An overview of the system might look something like the following:
Any signalling, communication, and synchronization mechanisms are completely up to you.
Your project submission will include a design document and copy of all source code. You will also need to schedule a demo with the TAs to show off your system's functionality, and to answer any questions about the design and implementation of your work.
The design document should outline everything developers need to know so that someone joining the team can learn all the architectural details and big-picture concepts.
At minimum it should include:
- A Use-Case Diagram along with descriptions of use cases and use case scenarios
- A Class Diagram outlining your code structure
- An Object Interaction Diagram to outline how the major components communicate
- Sequence Diagram(s) for any non-trivial interactions
- Descriptions of any communication protocols developed
- Function specifications for any useful "public" functions (i.e. public member functions, re-useable headers, etc...)
You should also prepare an executive summary for your firm's project manager to bring to Amazoom.

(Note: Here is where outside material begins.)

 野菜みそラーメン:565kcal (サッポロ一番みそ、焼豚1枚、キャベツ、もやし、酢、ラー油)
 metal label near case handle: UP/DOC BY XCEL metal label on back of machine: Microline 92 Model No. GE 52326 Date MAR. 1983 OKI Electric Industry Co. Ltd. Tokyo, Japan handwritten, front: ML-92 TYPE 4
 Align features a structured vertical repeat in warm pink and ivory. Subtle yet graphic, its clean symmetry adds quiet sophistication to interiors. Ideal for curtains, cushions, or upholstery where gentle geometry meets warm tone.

It should be short enough so nobody will get bored, but informative enough that someone reading it will have a general understanding of the overall system design, as well as why your design stands out over the competition.
If submitting the project as an individual, you are required to design and implement the automated warehouse system as described above. For full marks, your warehouse automation must support
- a fixed warehouse layout
- a fixed number of warehouse robots, at least 4
- a fixed number of products, at least 5
For submissions by teams of two, we extend the warehouse design to include:
- flexible warehouse layouts (e.g. loaded from a file)

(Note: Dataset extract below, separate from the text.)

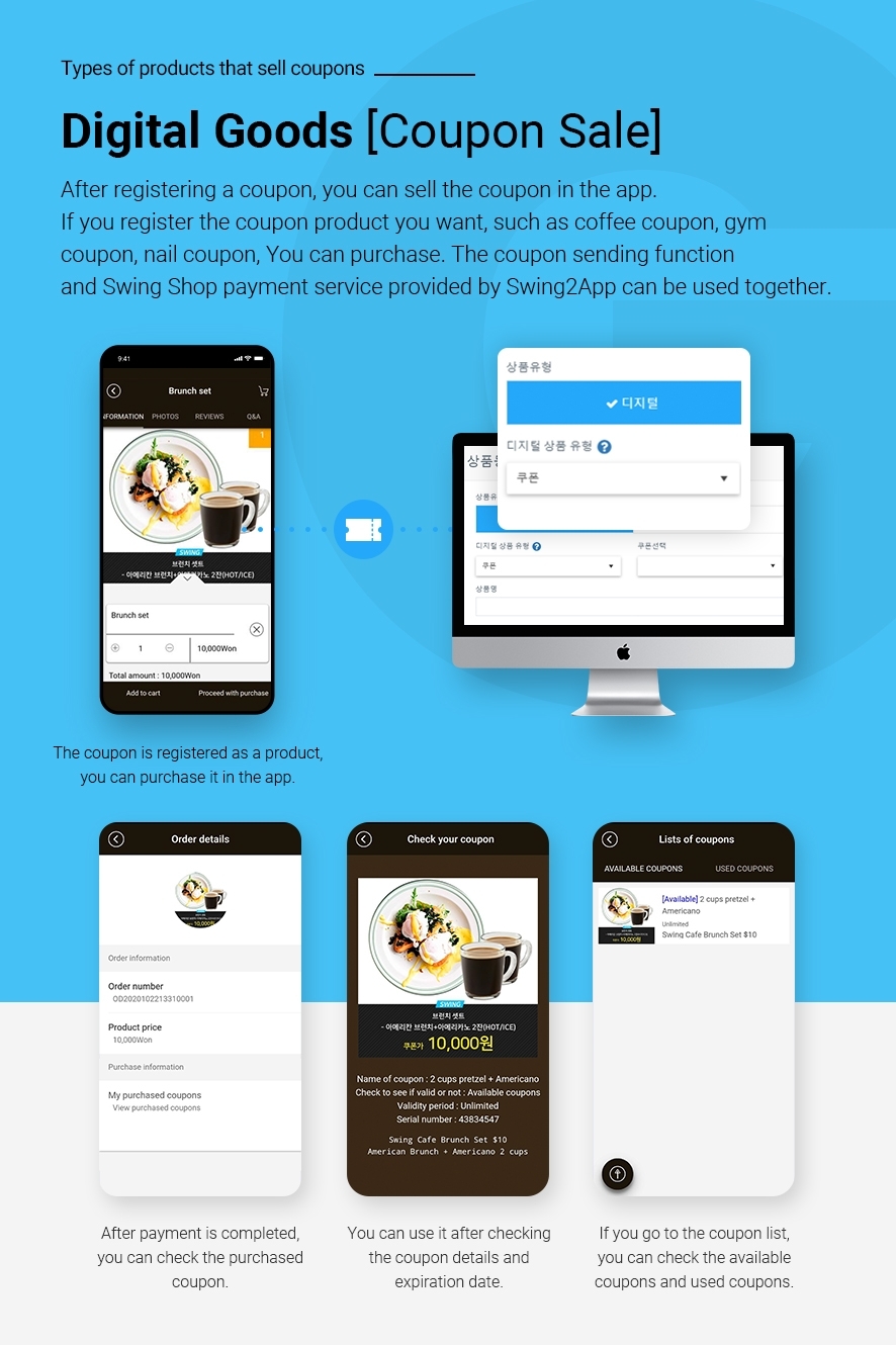You can register your coupon and sell it in the app. You can use it through the serial number listed on the coupon and use it for events in the shopping mall. You can check the ‘Used Coupon’ list on the coupon inquiry page.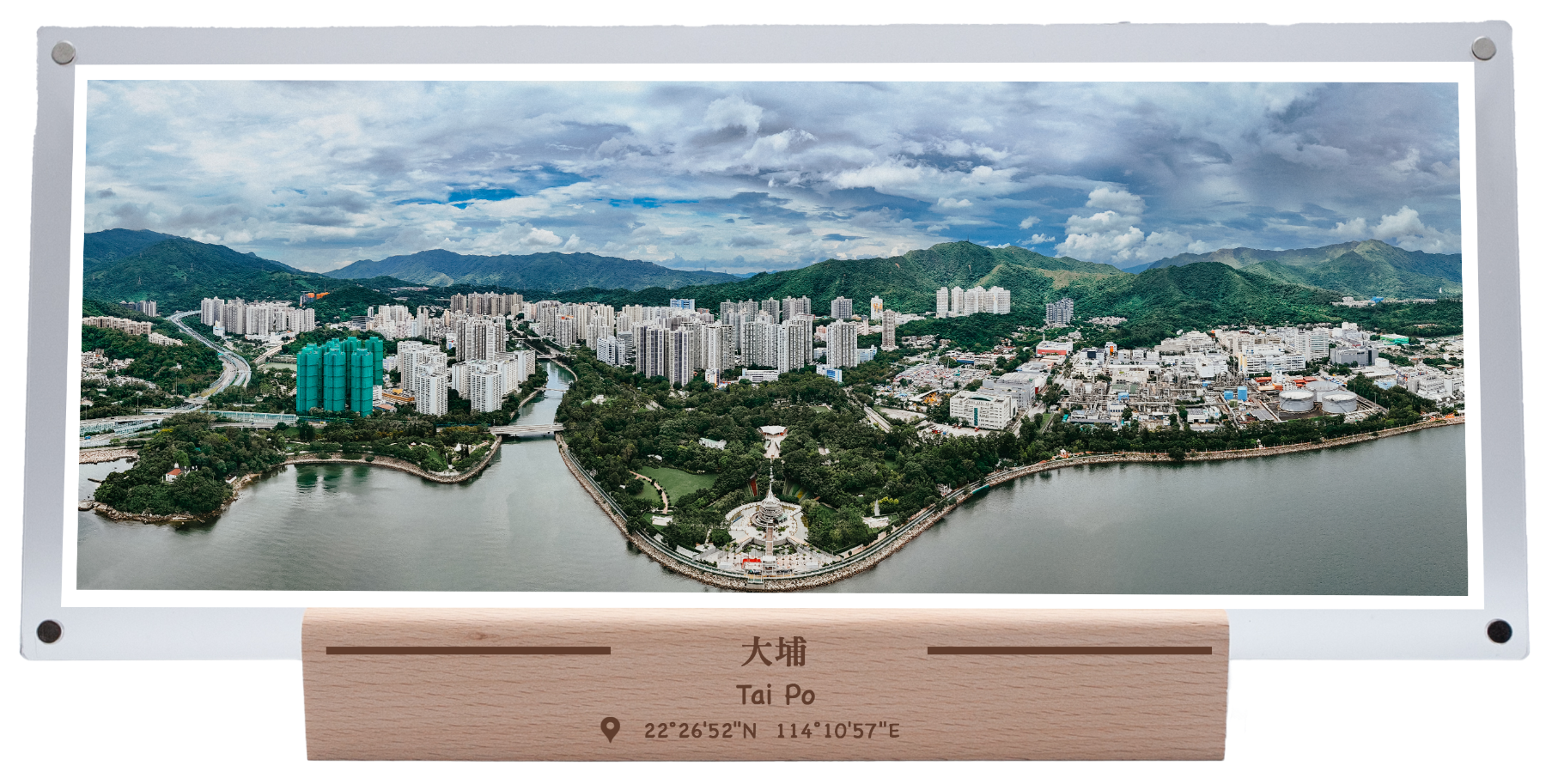 The panoramic photo of Tai Po presents the most beautiful natural scenery in the New Territories East - overlooking the entire Tai Po area from a high altitude, surrounded by the clear waters of Tolo Harbour, the mountains are lush, modern residential complexes are harmoniously integrated with the natural environment, and landmarks such as the Science Park and the Seaside Park are in full view, perfectly showing the unique charm of Tai Po as a "lake and mountain scenery, a livable paradise"!

- a dynamic number of robots (i.e. can be added or removed while the system is running)
- multiple clients connections sending orders to the webserver
Clients should be able to connect in an ad-hoc fashion, and each have a UI for placing orders. If an order cannot be completed due to lack of stock, a simple message back to the client is sufficient.
For teams of three, we extend the paired submission requirements to include a network of warehouses, and improved client functionality.

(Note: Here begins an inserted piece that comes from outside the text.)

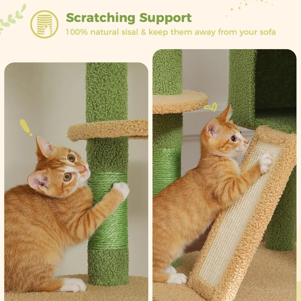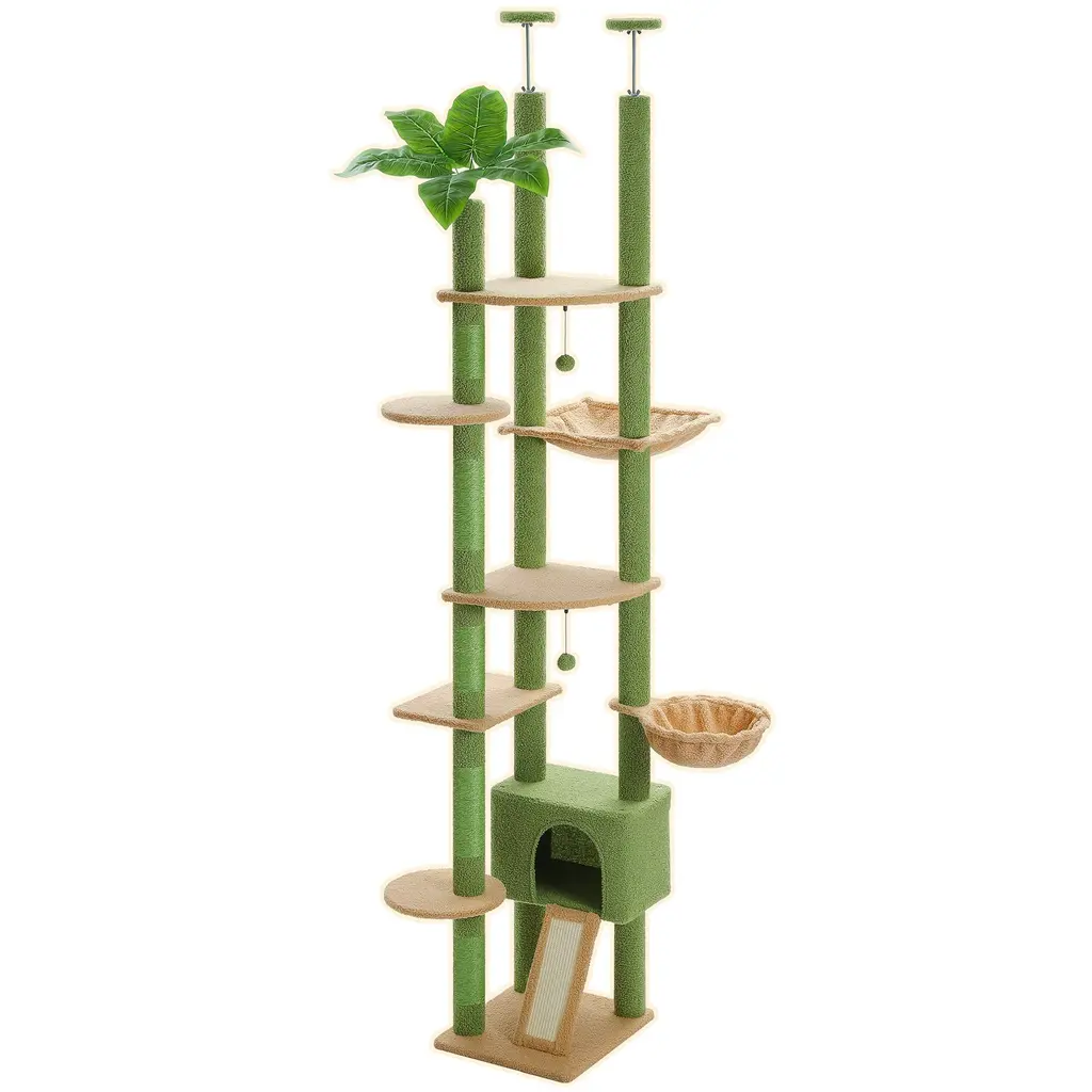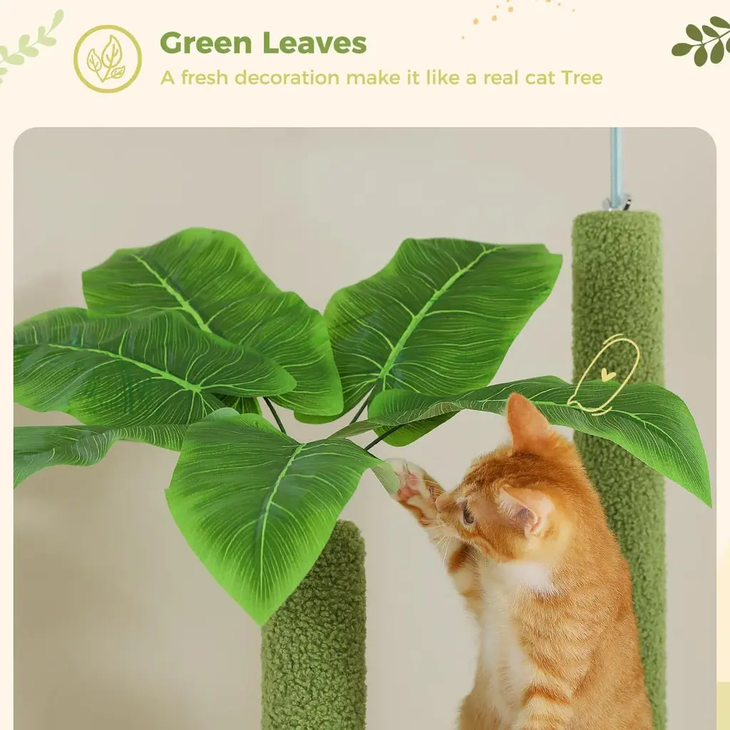Multi-Level Cat Tree With Cat Condo Height Adjustable - Green

The individual warehouses should have some variability in terms of the items they hold. If an order cannot be fulfilled by a single warehouse, it should be split across multiple warehouses if possible.
Clients should have the ability to query how many of an item is in stock, reserve an item if in stock (e.g. by adding it to cart), and to place an order. Once items are reserved, the order should be guaranteed to be deliverable.
The grading scheme for this project is split as follows:
| Component | Grade |
|---|---|
| Overall System Design | 18 % |
| Requirements Satisfied | 10 % |
| Design Document | 26 % |
| Functional Implementation | 26 % |
| Testing | 10 % |
| Demo | 10 % |
| Extra features | 15 % |
All students within a group will be awarded the same mark. The final grade is at the discretion of the TAs and instructor.
The deadline for the project is the day of the last class, Dec 7th 8am PST via TurnItIn and Git (See announcment made on Nov 29 at 9:42pm in Canvas ). You must demo your project before the scheduled exam. There will be a dedicated time to demo your project. Details of the Demo session and its date will be announced later in November.